* _What is required_: Your job is to give again, exactly and with no additions, the lines in the records below from the one with "男性向けラノベタイトル風あだ名 | 『うちのうまだあやかが世界を掌握している!』 |" through the one with "7.2.6 Buy Stamford", both included. Omit the pictures.

* _Supplied records_:
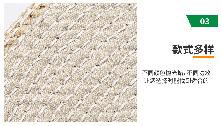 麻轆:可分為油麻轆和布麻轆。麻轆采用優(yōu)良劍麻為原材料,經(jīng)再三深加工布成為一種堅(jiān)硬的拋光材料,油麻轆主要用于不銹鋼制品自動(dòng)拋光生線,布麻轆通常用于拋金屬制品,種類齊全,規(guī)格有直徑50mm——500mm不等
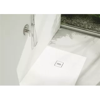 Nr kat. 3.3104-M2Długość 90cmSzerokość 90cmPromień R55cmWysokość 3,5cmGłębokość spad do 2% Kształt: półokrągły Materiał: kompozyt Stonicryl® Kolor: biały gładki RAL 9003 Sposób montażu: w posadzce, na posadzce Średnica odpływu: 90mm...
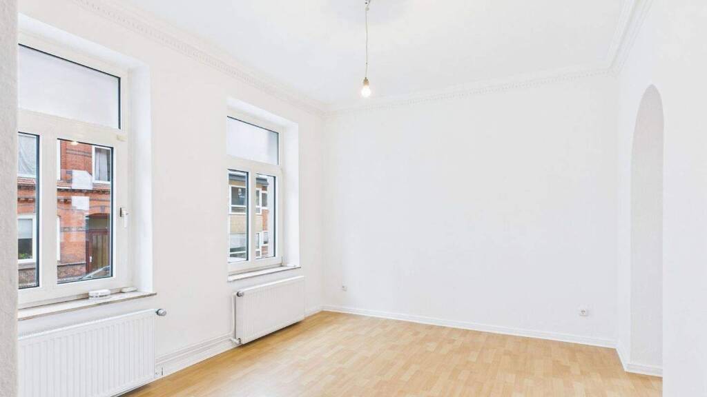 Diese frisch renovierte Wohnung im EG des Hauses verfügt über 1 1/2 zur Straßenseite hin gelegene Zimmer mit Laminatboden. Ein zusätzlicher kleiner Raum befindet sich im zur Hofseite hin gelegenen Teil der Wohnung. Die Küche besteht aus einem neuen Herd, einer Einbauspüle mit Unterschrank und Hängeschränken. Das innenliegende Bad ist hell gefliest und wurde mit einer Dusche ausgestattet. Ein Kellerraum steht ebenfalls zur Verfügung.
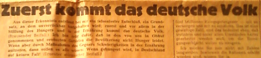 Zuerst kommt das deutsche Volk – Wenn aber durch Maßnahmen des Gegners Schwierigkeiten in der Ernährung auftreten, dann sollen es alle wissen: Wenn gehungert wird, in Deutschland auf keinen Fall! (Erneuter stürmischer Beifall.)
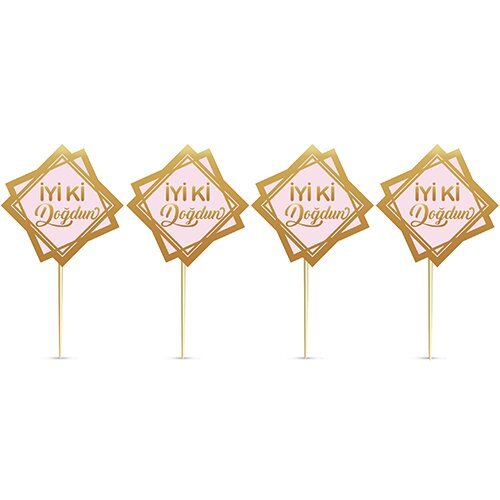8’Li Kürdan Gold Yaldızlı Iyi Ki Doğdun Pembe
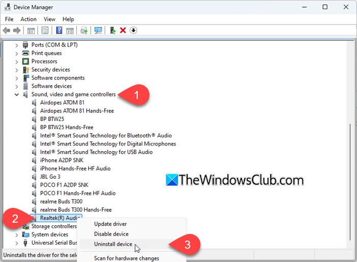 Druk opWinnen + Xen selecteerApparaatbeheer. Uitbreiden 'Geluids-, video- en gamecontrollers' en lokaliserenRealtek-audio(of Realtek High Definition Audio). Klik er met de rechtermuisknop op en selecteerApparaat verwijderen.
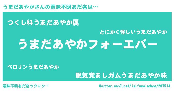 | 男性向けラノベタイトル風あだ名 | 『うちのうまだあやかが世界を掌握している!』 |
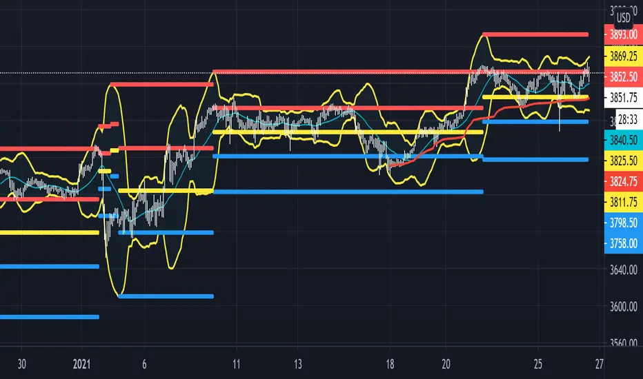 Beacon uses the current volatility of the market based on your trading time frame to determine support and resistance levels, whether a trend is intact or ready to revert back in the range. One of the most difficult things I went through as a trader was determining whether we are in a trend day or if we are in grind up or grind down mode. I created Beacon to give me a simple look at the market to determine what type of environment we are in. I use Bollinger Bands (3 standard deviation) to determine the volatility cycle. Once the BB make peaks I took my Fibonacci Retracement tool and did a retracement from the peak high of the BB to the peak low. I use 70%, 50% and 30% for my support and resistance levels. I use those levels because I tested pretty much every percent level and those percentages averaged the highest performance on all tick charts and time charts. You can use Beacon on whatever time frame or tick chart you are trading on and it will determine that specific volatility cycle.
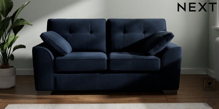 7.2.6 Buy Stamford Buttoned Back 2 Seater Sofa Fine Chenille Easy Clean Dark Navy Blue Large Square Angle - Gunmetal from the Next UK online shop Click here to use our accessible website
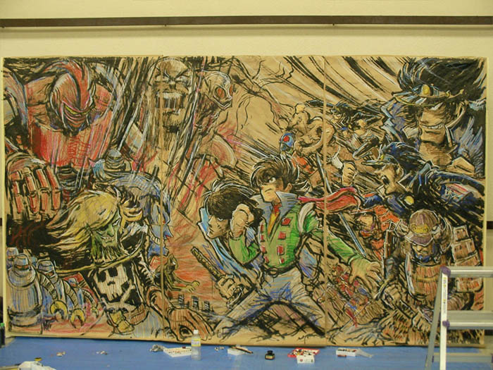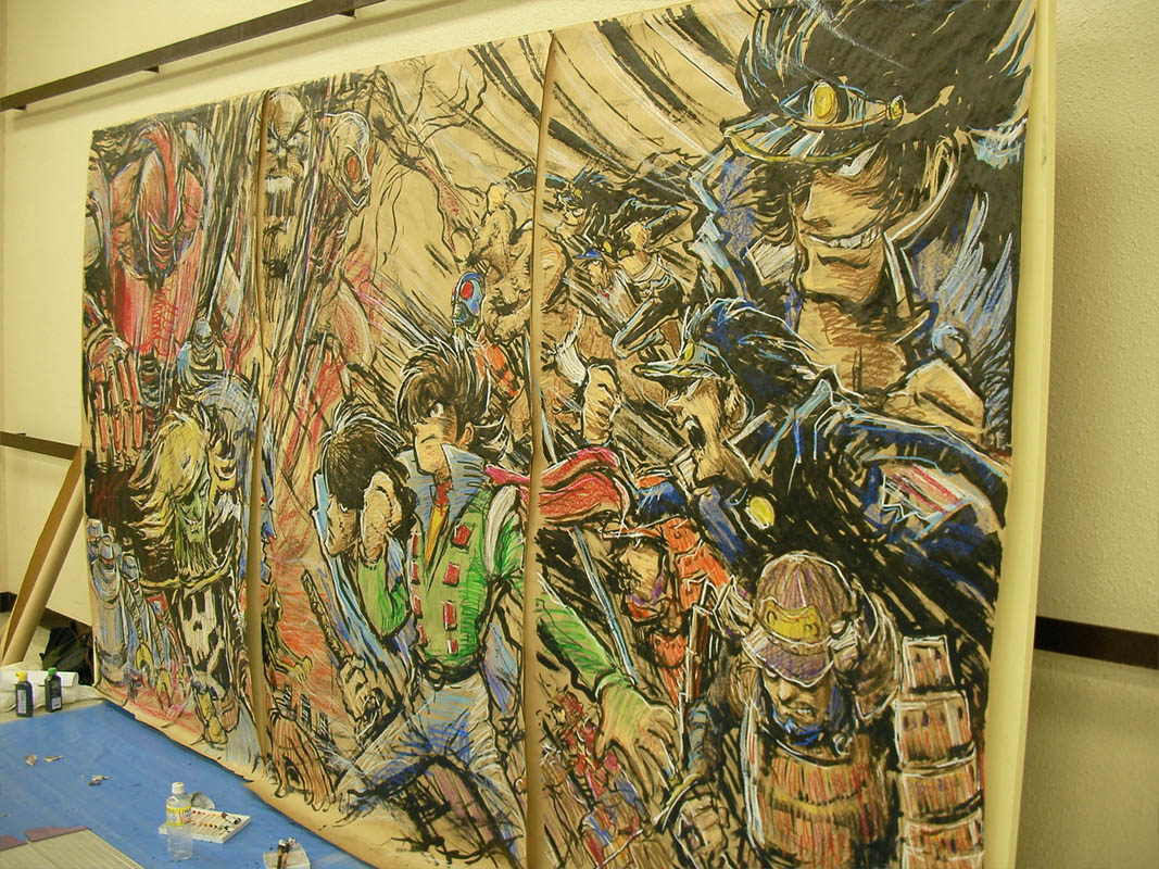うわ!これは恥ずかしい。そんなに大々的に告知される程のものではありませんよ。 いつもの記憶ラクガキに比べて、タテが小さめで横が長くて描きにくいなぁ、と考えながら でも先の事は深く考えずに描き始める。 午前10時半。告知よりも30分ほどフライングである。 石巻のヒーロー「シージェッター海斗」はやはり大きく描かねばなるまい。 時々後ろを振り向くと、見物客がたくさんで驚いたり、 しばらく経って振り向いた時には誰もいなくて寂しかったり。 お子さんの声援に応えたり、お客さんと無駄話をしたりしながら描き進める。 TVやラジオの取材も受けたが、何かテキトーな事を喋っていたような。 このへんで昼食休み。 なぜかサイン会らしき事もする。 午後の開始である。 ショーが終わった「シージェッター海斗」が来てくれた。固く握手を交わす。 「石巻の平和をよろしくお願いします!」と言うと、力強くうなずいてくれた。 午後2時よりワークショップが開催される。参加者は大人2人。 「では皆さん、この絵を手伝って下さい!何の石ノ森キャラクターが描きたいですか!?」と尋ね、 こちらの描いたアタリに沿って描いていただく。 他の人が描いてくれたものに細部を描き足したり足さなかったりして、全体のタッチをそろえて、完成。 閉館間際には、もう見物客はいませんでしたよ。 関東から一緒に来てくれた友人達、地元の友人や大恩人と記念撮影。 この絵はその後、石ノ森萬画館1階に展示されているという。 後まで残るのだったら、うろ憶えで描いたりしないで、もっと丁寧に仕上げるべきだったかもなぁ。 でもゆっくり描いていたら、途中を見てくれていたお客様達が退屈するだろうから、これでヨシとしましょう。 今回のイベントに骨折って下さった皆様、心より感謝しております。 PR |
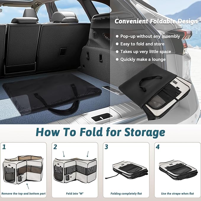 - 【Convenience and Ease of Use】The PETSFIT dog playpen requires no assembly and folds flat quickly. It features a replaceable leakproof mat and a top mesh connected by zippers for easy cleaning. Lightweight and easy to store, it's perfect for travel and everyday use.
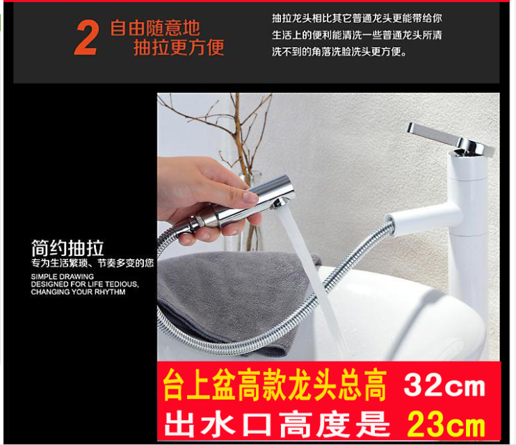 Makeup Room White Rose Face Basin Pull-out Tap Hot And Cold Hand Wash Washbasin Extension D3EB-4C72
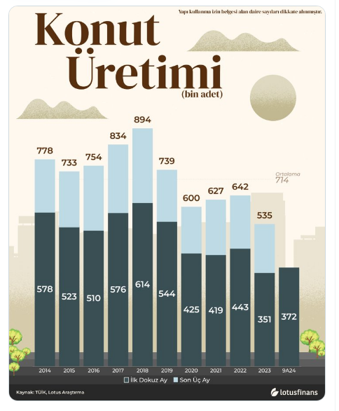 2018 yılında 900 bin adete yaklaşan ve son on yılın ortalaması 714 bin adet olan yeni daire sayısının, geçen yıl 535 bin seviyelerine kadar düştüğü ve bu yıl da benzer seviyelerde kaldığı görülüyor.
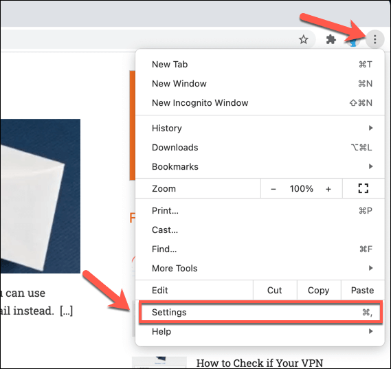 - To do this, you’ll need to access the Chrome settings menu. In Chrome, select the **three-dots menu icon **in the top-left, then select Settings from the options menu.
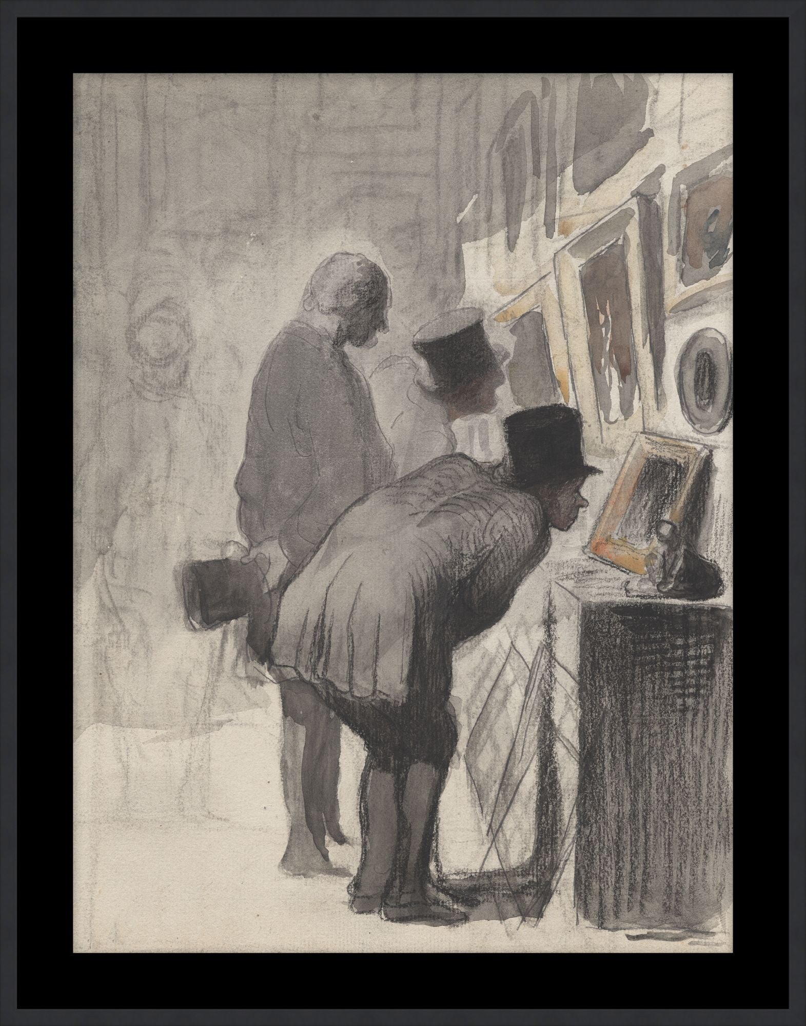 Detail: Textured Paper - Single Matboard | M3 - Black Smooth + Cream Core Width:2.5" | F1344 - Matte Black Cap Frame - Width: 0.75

* _Output below_:
 | 男性向けラノベタイトル風あだ名 | 『うちのうまだあやかが世界を掌握している!』 |
 Beacon uses the current volatility of the market based on your trading time frame to determine support and resistance levels, whether a trend is intact or ready to revert back in the range. One of the most difficult things I went through as a trader was determining whether we are in a trend day or if we are in grind up or grind down mode. I created Beacon to give me a simple look at the market to determine what type of environment we are in. I use Bollinger Bands (3 standard deviation) to determine the volatility cycle. Once the BB make peaks I took my Fibonacci Retracement tool and did a retracement from the peak high of the BB to the peak low. I use 70%, 50% and 30% for my support and resistance levels. I use those levels because I tested pretty much every percent level and those percentages averaged the highest performance on all tick charts and time charts. You can use Beacon on whatever time frame or tick chart you are trading on and it will determine that specific volatility cycle.
 7.2.6 Buy Stamford Buttoned Back 2 Seater Sofa Fine Chenille Easy Clean Dark Navy Blue Large Square Angle - Gunmetal from the Next UK online shop Click here to use our accessible website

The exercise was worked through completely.